**ASSIGNMENT**
Below are the entries. Print only the lines starting at the one with "Checkered dress for" and ending at the one with "我手上这个,就是用扎染和靛染制作出来的成品,漂亮不?", exactly, with no pictures.

◇ ◇ ◇ ◇

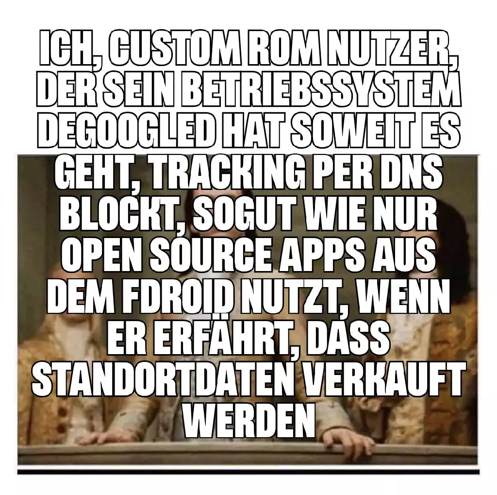 Ich, Custom rom nutzer, der sein betriebssystem degoogled hat soweit es geht, tracking per dns blockt, sogut wie nur open source apps aus dem fdroid nutzt, wenn er erfährt, dass standortdaten verkauft werden, war leider zu lang
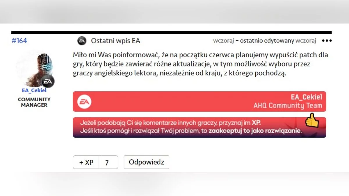 На польском форуме поддержки EA появилось сообщение о скором выходе патча, который исправит проблемы с озвучкой.
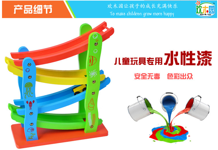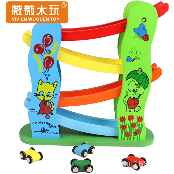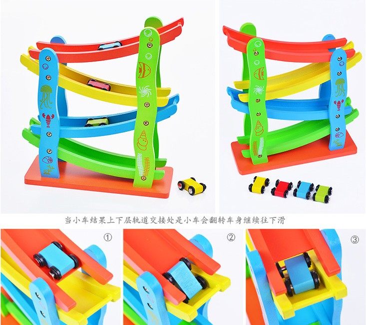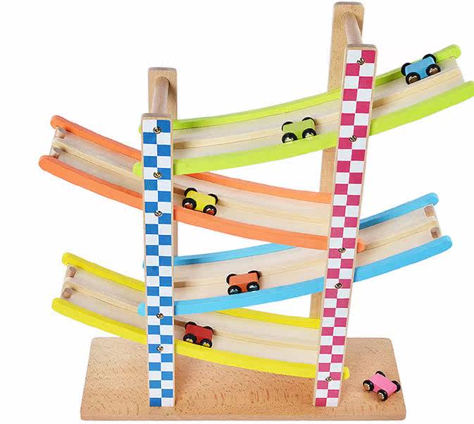 Wooden slide four-story track slippery speed Car Children boy baby inertia speed educational toy 1-2-3 years old
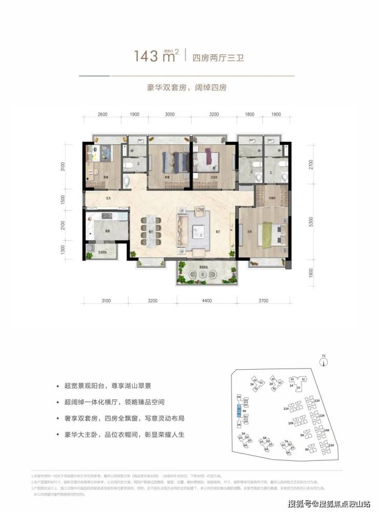 约143㎡四房两厅三卫:豪华双套房,阔绰四房
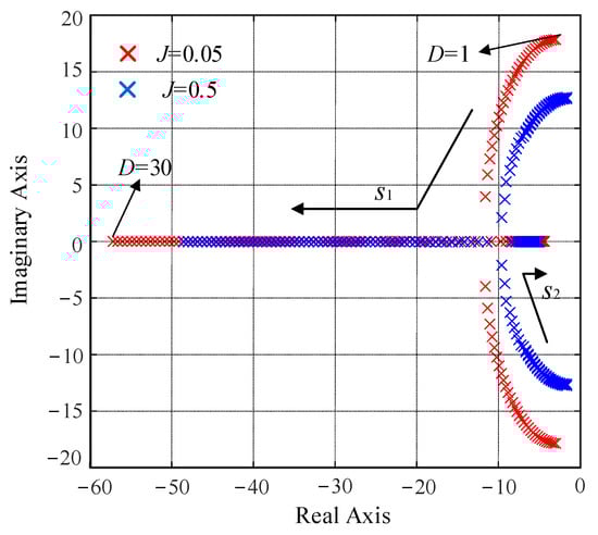Figure 4 shows the eigenvalue loci of the VSG active power control loop. With fixed J, increasing D converts a pair of complex conjugate poles into two negative real poles, transitioning the system from an underdamped to an overdamped state, thereby effectively suppressing power oscillations. Conversely, as J increases, the conjugate poles shift toward the imaginary axis, potentially inducing low-frequency oscillations.
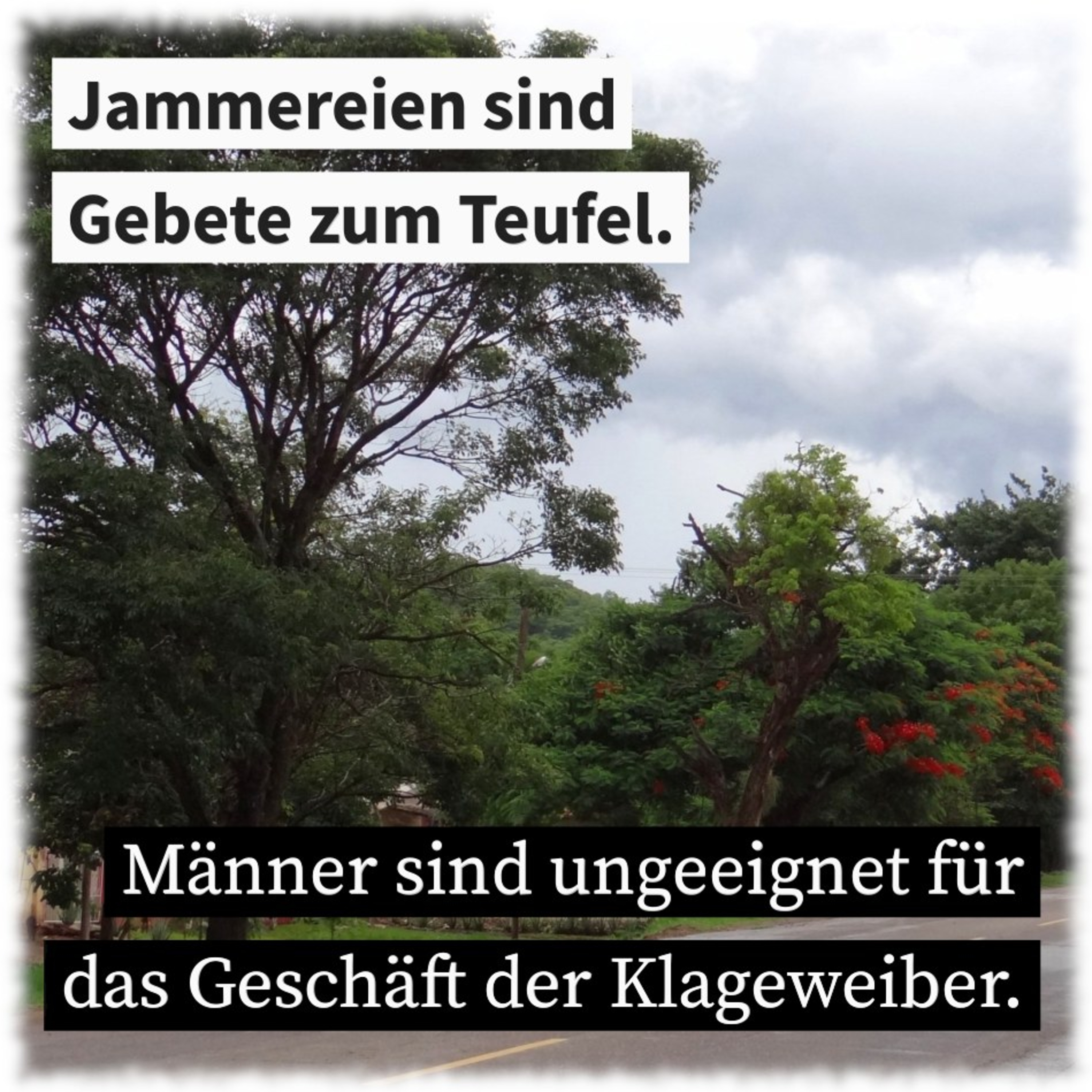 Jammereien sind Gebete zum Teufel. Männer sind ungeeignet für das Geschäft der Klageweiber.
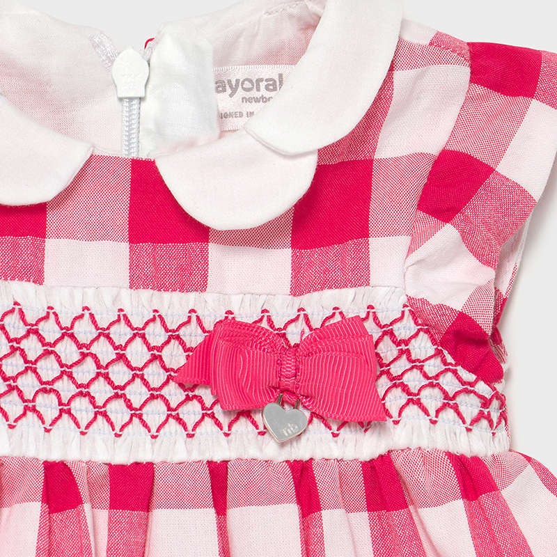 Checkered dress for children with panties girl Mayoral from the newborn girl collection from the spring-summer season product code 1833 color 60 Fragola. Clothing for newborns.
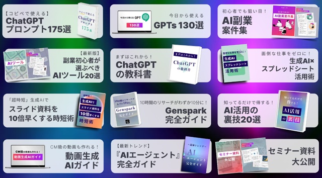 セミナー参加後には特典として、AIに関する書籍・AIを使った副業の始め方に関するガイドブック(全てPDF形式)などが受け取れます。
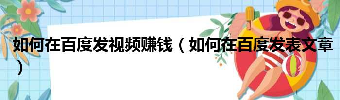 大家好,小爱来为大家解答以上问题。如何在百度发视频赚钱,如何在百度发表文章很多人还不知道,现在让我们一起来看看吧!
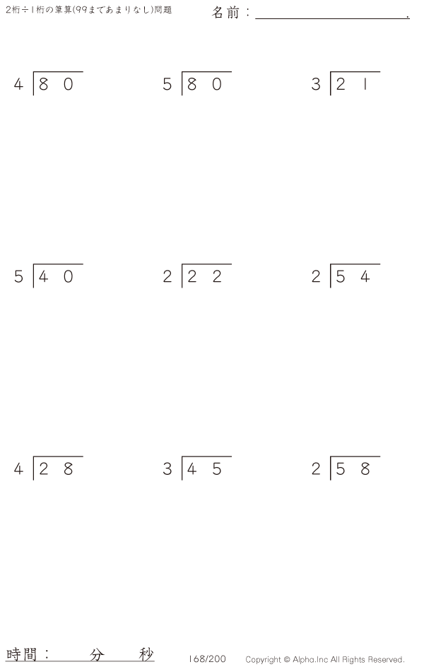 2桁÷1桁の筆算(あまりなし) [問題]168/350
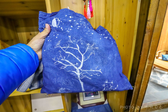 我手上这个,就是用扎染和靛染制作出来的成品,漂亮不?
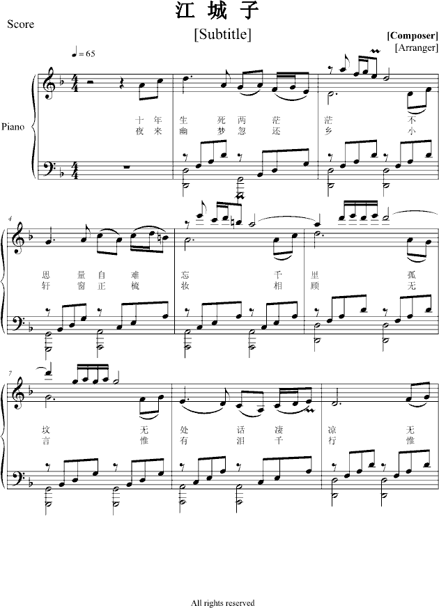 江城子-钢琴谱(钢琴曲)-项海波免费钢琴谱_五线谱: 点击: 1000 图片可能经过缩放,手机长按或点开后长按保存,电脑鼠标右键保存.
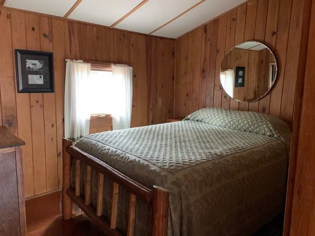 This is a two-bedroom log cabin that was constructed in the 1920's and is located on a small bluff above the swimming beach and sauna. A somewhat steep path with a railing leads up to the cabin which offers privacy and pretty views of the lake, only 105' away. The interior is of knotty pine with hardwood floors.
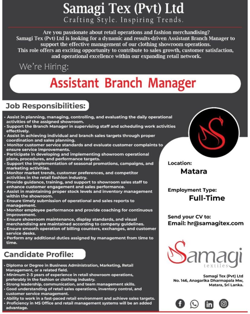 Samagi Tex (Pvt) Ltd is looking for a dynamic and results-driven Assistant Branch Manager to support the daily operations of our clothing showroom in Matara. This role offers an excellent opportunity to contribute to sales growth, team leadership, and customer experience within our expanding retail network.
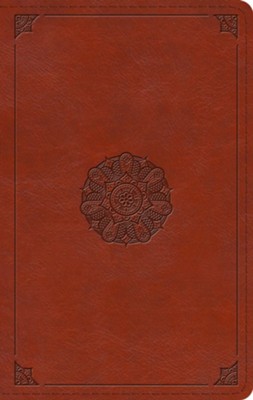 ESV Large Print Thinline Bible–soft leather-look, english saddle, emblem
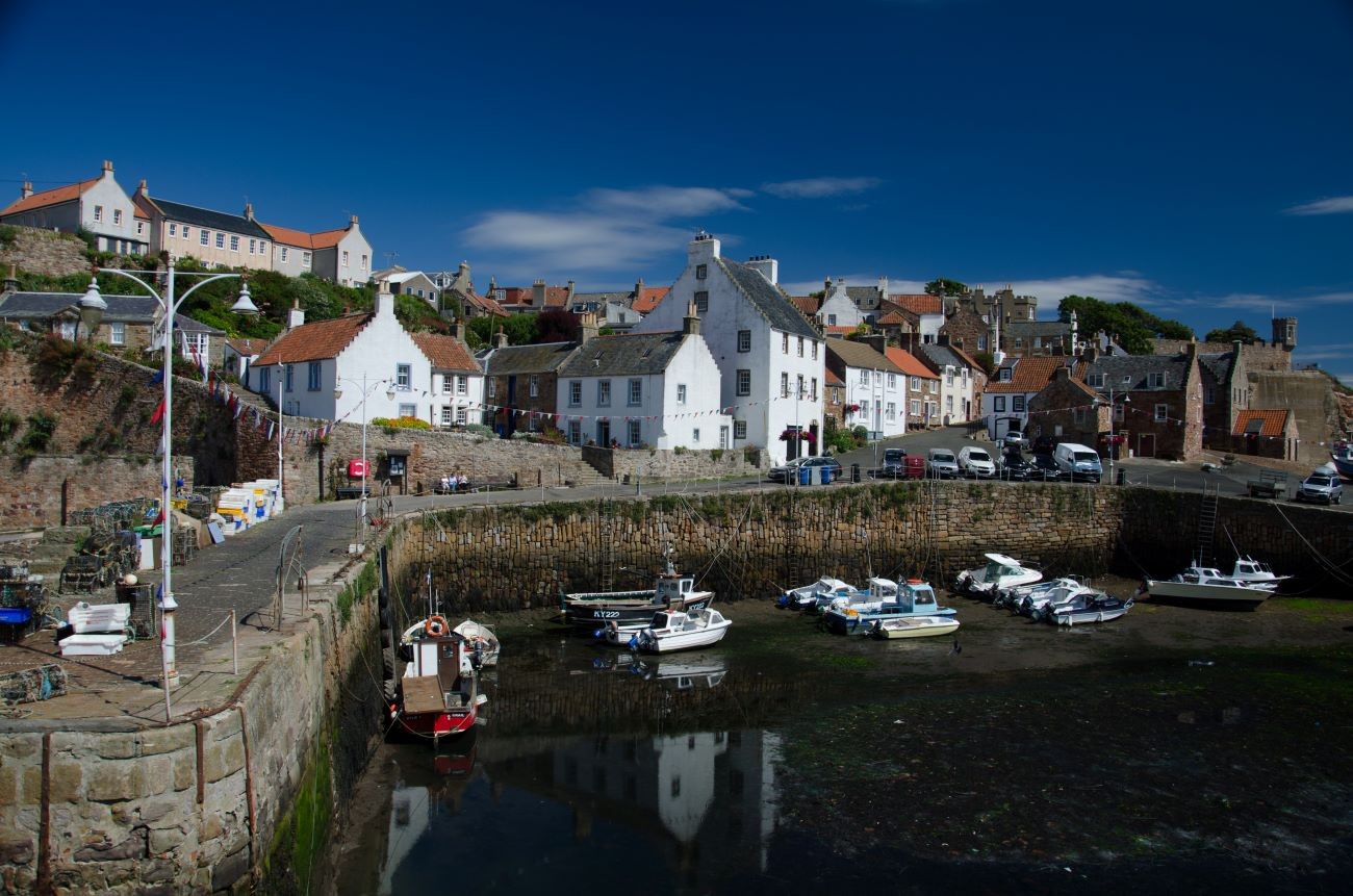 The harbour is reached by a steep, cobbled street, bordered by step-gabled houses once owned by fishermen and shipowners. Stop off at Crail Pottery or Crail Harbour Gallery & Tea Room, where the paintings battle for attention with the stunning sea views.

◇ ◇ ◇ ◇

**YOUR RESPONSE**
 Checkered dress for children with panties girl Mayoral from the newborn girl collection from the spring-summer season product code 1833 color 60 Fragola. Clothing for newborns.
 セミナー参加後には特典として、AIに関する書籍・AIを使った副業の始め方に関するガイドブック(全てPDF形式)などが受け取れます。
 大家好,小爱来为大家解答以上问题。如何在百度发视频赚钱,如何在百度发表文章很多人还不知道,现在让我们一起来看看吧!
 2桁÷1桁の筆算(あまりなし) [問題]168/350
 我手上这个,就是用扎染和靛染制作出来的成品,漂亮不?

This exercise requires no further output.